What you are asked to do —
Pictures aside, repeat the whole listing word for word.

Source data —
· · · · · · ·
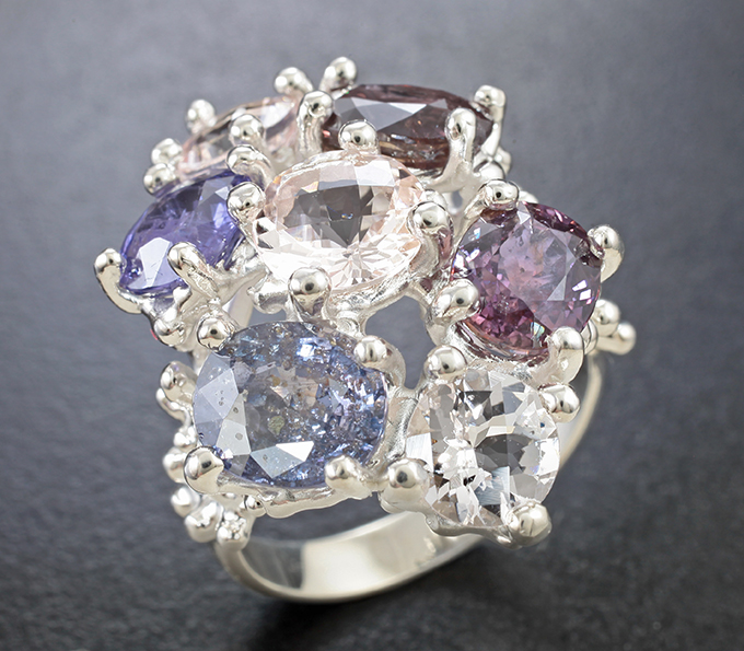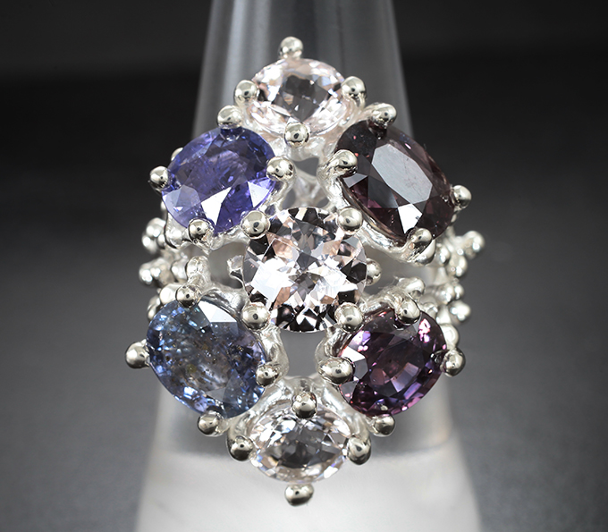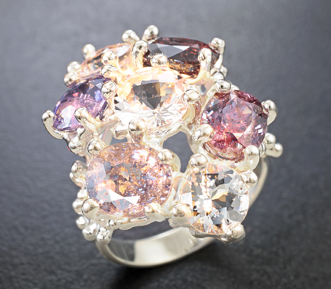 Кольцо с сапфирами со сменой цвета 7,1 карата и морганитами
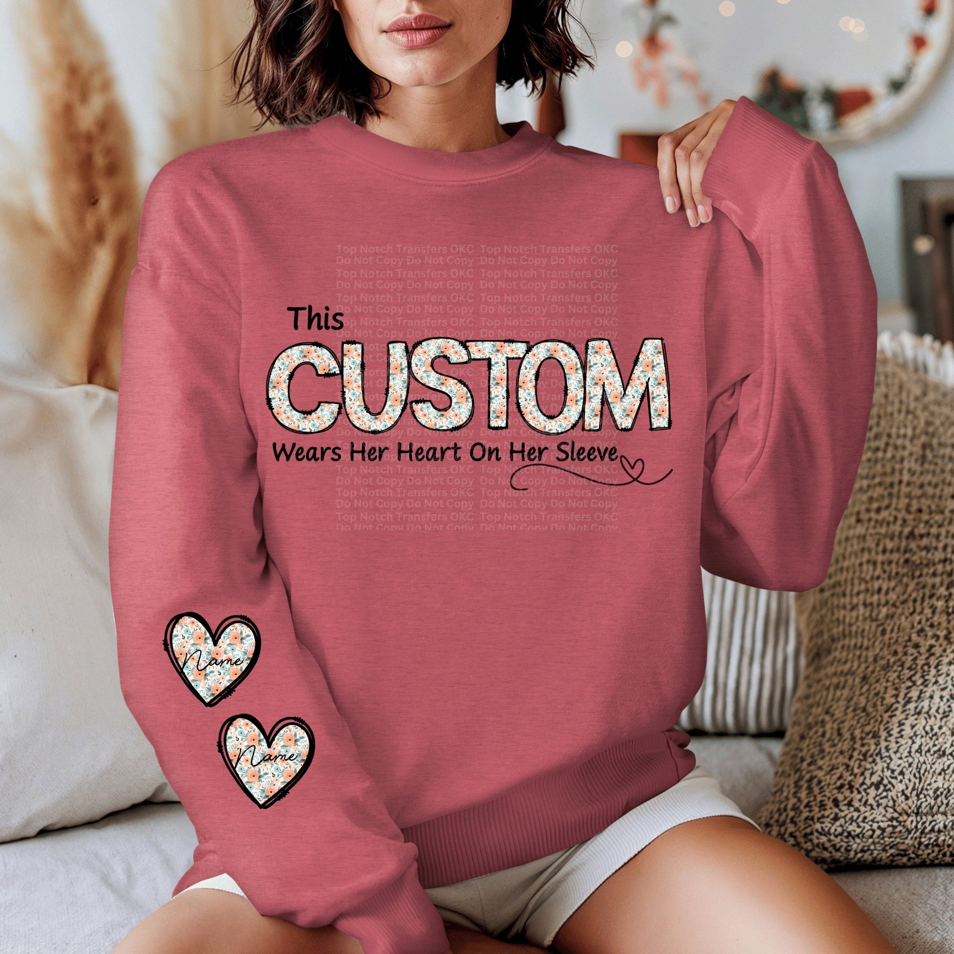This Custom wears her heart on her sleeve floral *Custom- leave names & sleeve heart names/colors in checkout notes*
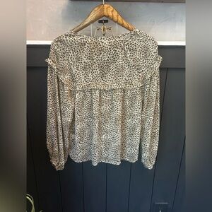 Lovestitch Leopard Print Blouse - Cream and Black Peasant Boho Tassels size M
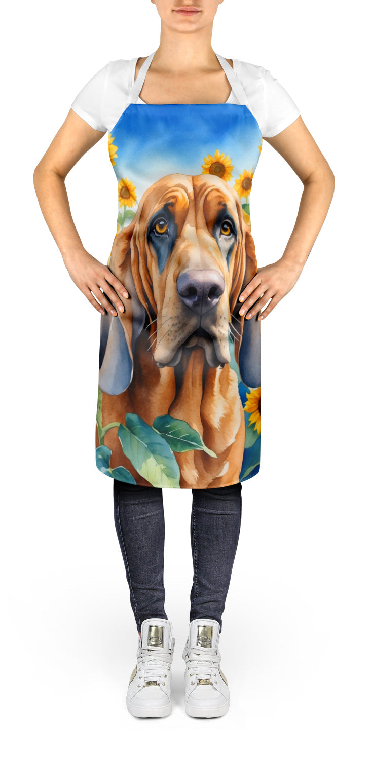 Shown here is the Bloodhound in Sunflowers Apron from Caroline's Treasures featuring artwork of a Bloodhound in a Summer design. The detailed illustration and vibrant colors make it a standout accent that celebrates both seasonal style for you home. Brighten your space with the warmth and cheer of our In Sunflowers Collection. Featuring sunflower-inspired designs that capture sunny charm and uplifting style, this collection brings bold personality and joyful décor to your home and thoughtful seasonal gifts. Elevate your cooking, baking, and grilling experiences with our versatile Kitchen or BBQ Apron. This Bib Style apron isn't just limited to culinary activities - it also serves as an excellent baking apron, artist apron, server apron, gardening apron, or even a dog grooming apron. The apron showcases vibrant full-color artwork contributed by one of our talented artists, bringing a dash of style to your daily tasks. With dimensions of approximately 27"W x 30"H, it provides ample coverage to protect your clothing from spills and splashes. Our apron is meticulously crafted from 100% Ultra Spun Polyester, known for its durability and lightweight nature. The apron comes with white tie straps, ensuring a comfortable and adjustable fit for all. It's a perfect choice for kitchen apron enthusiasts, whether you are a woman or a man. Designed for easy maintenance, this apron is fully machine washable. The quick-drying polyester material actively reduces staining, keeping your apron looking fresh and new for longer. Our beautifully designed apron isn't just a functional kitchen accessory - it's a fashion statement in the culinary world! Bloodhounds are scent hounds renowned for their exceptional tracking ability and gentle personality. This breed is admired for its determination, loyalty, and calm demeanor. Makes a heartfelt gift for: Bloodhound owners, Dogs lovers, gifts, pet parents, friends who adore their Bloodhound, or anyone celebrating Dogs.
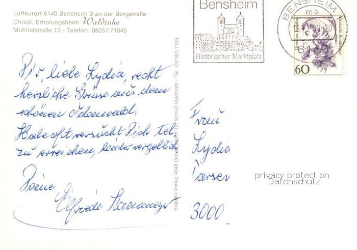 73017266 alte Postkarte Bensheim Bergstrasse Erholungsheim Waldruhe postalisch gelaufen Erhaltung siehe scans [NatalD47] KatCode: 11110006431002
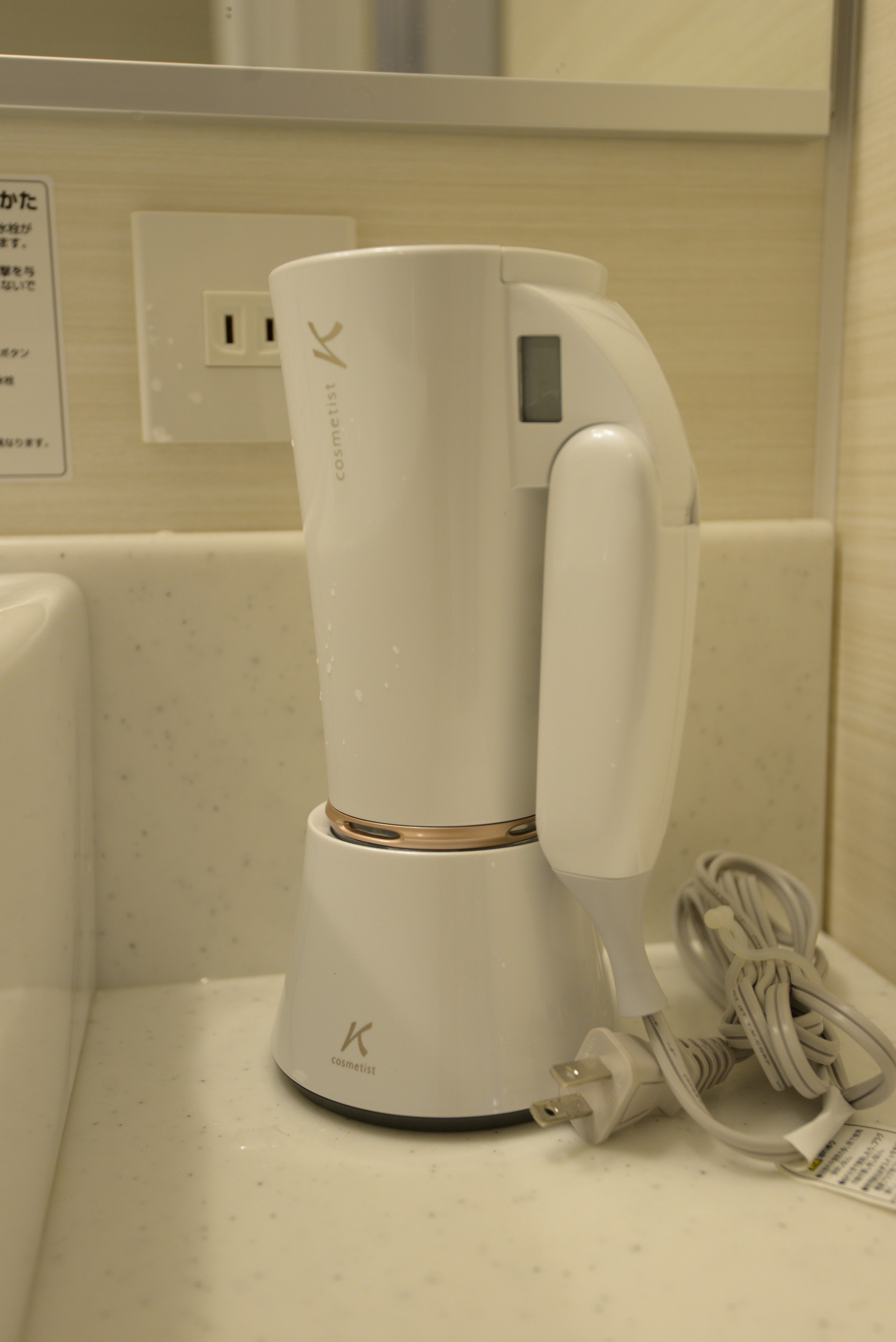 吹風機不是釘在牆上的!這點對於帶小朋友出門的人真的很棒!小 baby 洗完澡後可以直接抱到床上吹頭髮,房間床頭不吝嗇地給兩個插頭,直接插床頭即可。
· · · · · · ·
Exercise solution —
 Кольцо с сапфирами со сменой цвета 7,1 карата и морганитами
This Custom wears her heart on her sleeve floral *Custom- leave names & sleeve heart names/colors in checkout notes*
 Lovestitch Leopard Print Blouse - Cream and Black Peasant Boho Tassels size M
 Shown here is the Bloodhound in Sunflowers Apron from Caroline's Treasures featuring artwork of a Bloodhound in a Summer design. The detailed illustration and vibrant colors make it a standout accent that celebrates both seasonal style for you home. Brighten your space with the warmth and cheer of our In Sunflowers Collection. Featuring sunflower-inspired designs that capture sunny charm and uplifting style, this collection brings bold personality and joyful décor to your home and thoughtful seasonal gifts. Elevate your cooking, baking, and grilling experiences with our versatile Kitchen or BBQ Apron. This Bib Style apron isn't just limited to culinary activities - it also serves as an excellent baking apron, artist apron, server apron, gardening apron, or even a dog grooming apron. The apron showcases vibrant full-color artwork contributed by one of our talented artists, bringing a dash of style to your daily tasks. With dimensions of approximately 27"W x 30"H, it provides ample coverage to protect your clothing from spills and splashes. Our apron is meticulously crafted from 100% Ultra Spun Polyester, known for its durability and lightweight nature. The apron comes with white tie straps, ensuring a comfortable and adjustable fit for all. It's a perfect choice for kitchen apron enthusiasts, whether you are a woman or a man. Designed for easy maintenance, this apron is fully machine washable. The quick-drying polyester material actively reduces staining, keeping your apron looking fresh and new for longer. Our beautifully designed apron isn't just a functional kitchen accessory - it's a fashion statement in the culinary world! Bloodhounds are scent hounds renowned for their exceptional tracking ability and gentle personality. This breed is admired for its determination, loyalty, and calm demeanor. Makes a heartfelt gift for: Bloodhound owners, Dogs lovers, gifts, pet parents, friends who adore their Bloodhound, or anyone celebrating Dogs.
 73017266 alte Postkarte Bensheim Bergstrasse Erholungsheim Waldruhe postalisch gelaufen Erhaltung siehe scans [NatalD47] KatCode: 11110006431002
 吹風機不是釘在牆上的!這點對於帶小朋友出門的人真的很棒!小 baby 洗完澡後可以直接抱到床上吹頭髮,房間床頭不吝嗇地給兩個插頭,直接插床頭即可。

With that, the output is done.